Rituxim

(RITUXIM)
Полная инструкция

 
Состав:
действующее вещество: 1 мл препарата содержит 10 мг ритуксимаба; 1 флакон содержит 100 мг/10 мл или 500 мг/50 мл ритуксимаба;
вспомогательные вещества: натрия цитрат дигидрат, полисорбат 80, натрия хлорид, вода для инъекций, буфер (кислота хлористоводородная или натрия гидроксид).
 
Форма выпуска.
Концентрат для приготовления раствора для инфузий.
 
Фармакотерапевтическая группа.
Противоопухолевые средства (моноклональные антитела).
Код  АТС: L01X С02.
 
Показаниядля применения.
Неходжкинские лимфомы
Монотерапия пациентов с фолликулярными лимфомами III-IV стадии, которые являются резистентными к химиотерапии, либо находятся в стадии второго или последующих рецидивов после химиотерапии.

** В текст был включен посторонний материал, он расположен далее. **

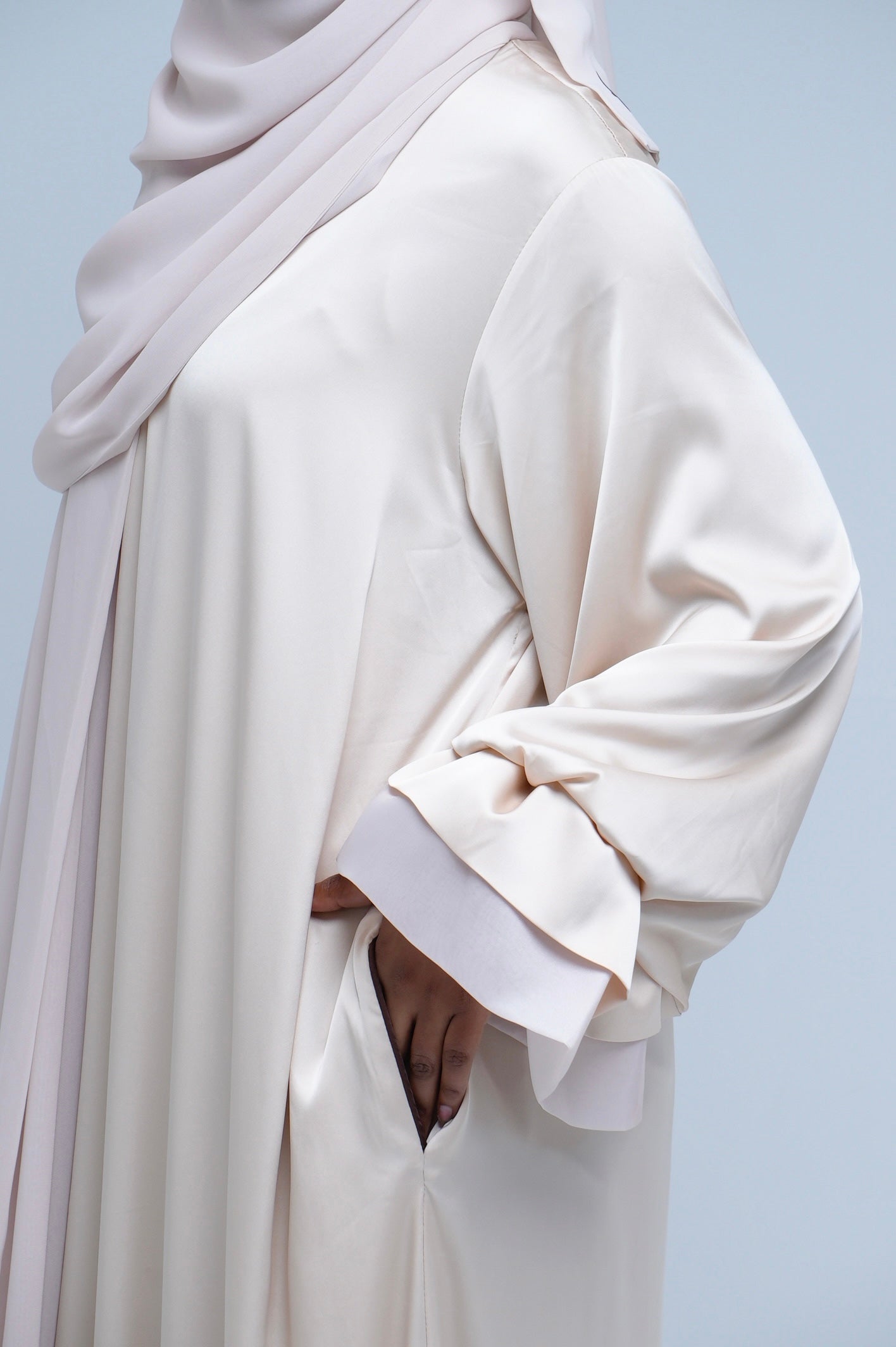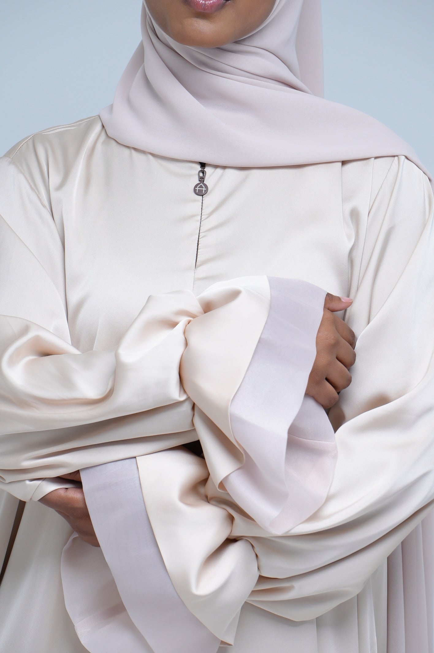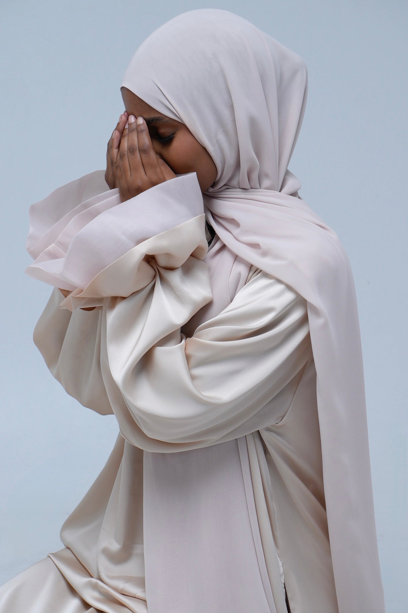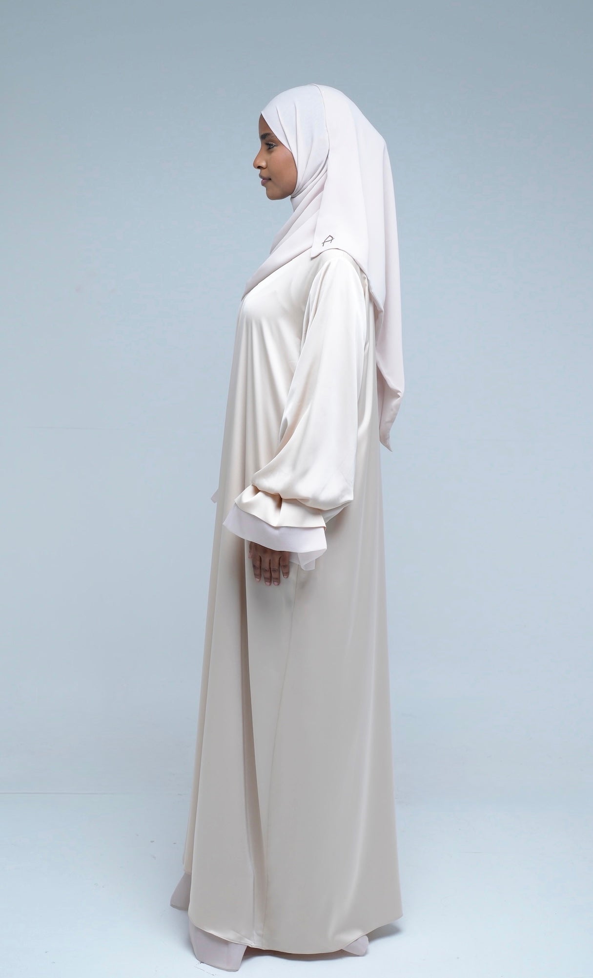 De cette rencontre intime est née la Robe du Rendez-Vous, une création façonnée pour unir la spiritualité et l’élégance. Évanescente dans son mouvement, elle déploie la douceur d’un satin Armani aux reflets subtils et la légèreté d’un organza italien délicat. En doublure, une mousseline fine et respirante insuffle aisance et fluidité, offrant un tombé qui ne colle jamais au corps.

CD20-позитивные диффузные В-крупноклеточная неходжкинская лимфома в комбинации с химиотерапией по схеме CHOP (циклофосфамид, доксорубицин, винкристин, преднизолон).

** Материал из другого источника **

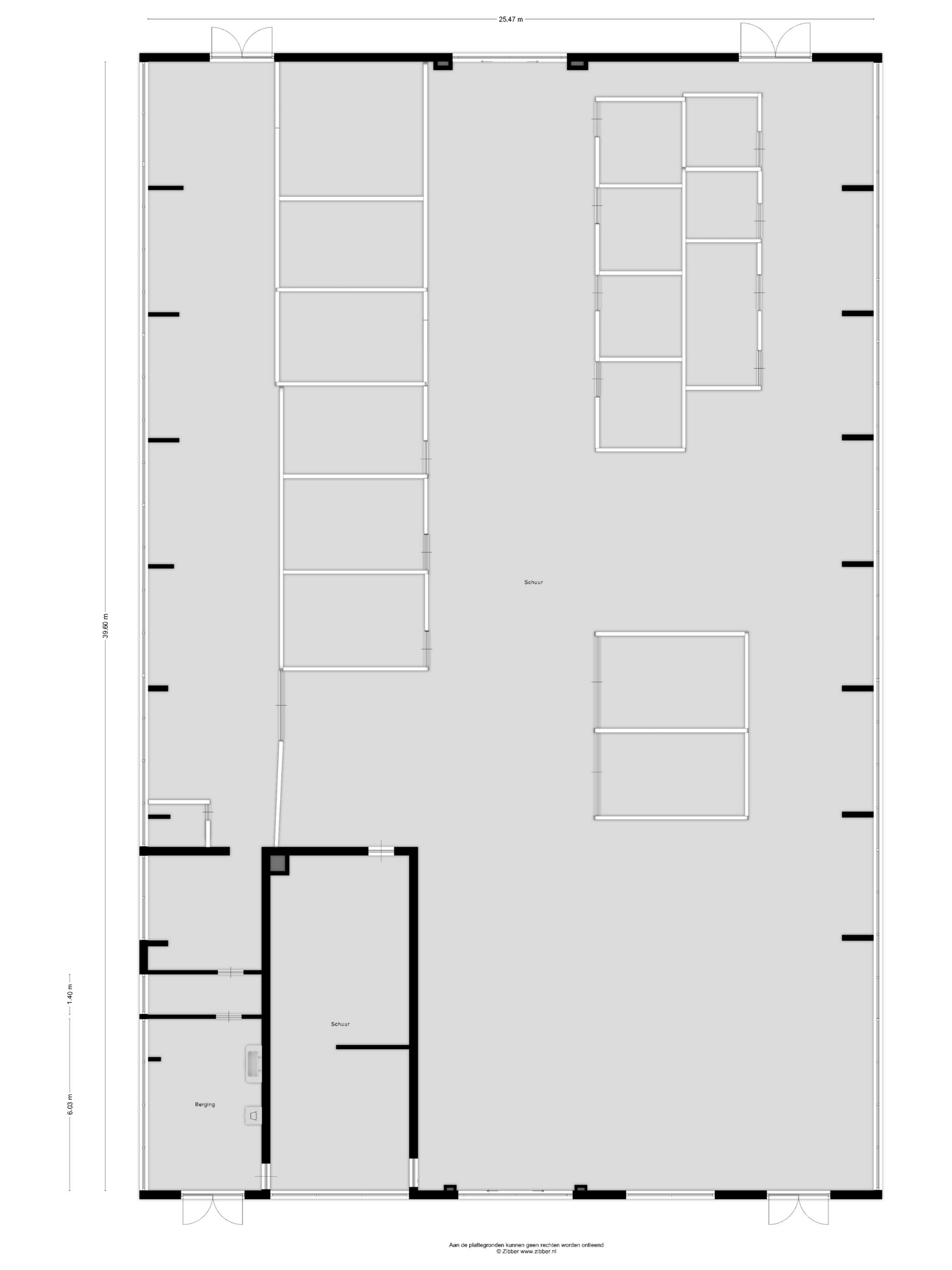 De afmetingen zijn ca. 40 x 26 meter en de mestkelder heeft een inhoud van ca. 800 m³.

Ранее нелеченых фолликулярные лимфомы III-IV стадии в комбинации с химиотерапией.
Поддерживающая терапия фолликулярных лимфом после получения ответа на индукционную терапию.
Хронический лимфолейкоз
Ранее нелеченный и рецидивирующий/рефрактерный хронический лимфолейкоз в комбинации с химиотерапией.
Ревматоидный артрит
Активный ревматоидный артрит у взрослых в комбинации с метотрексатом при неэффективности или непереносимости лечения другими болезнь-модифицирующими противовоспалительными препаратами (БМПП), в том числе лечение одним или более ингибиторами фактора некроза опухоли.
При применении в комбинации с метотрексатом, РИТУКСИМ уменьшает скорость прогрессирования деструктивных изменений в суставах по рентгенологическим данным и улучшает физическую функцию.
 
Срок годности.
2 года 6 месяцев.
 
Условия хранения.
Хранить в защищенном от света и в недоступном для детей месте при температуре от 2 до 8 °С.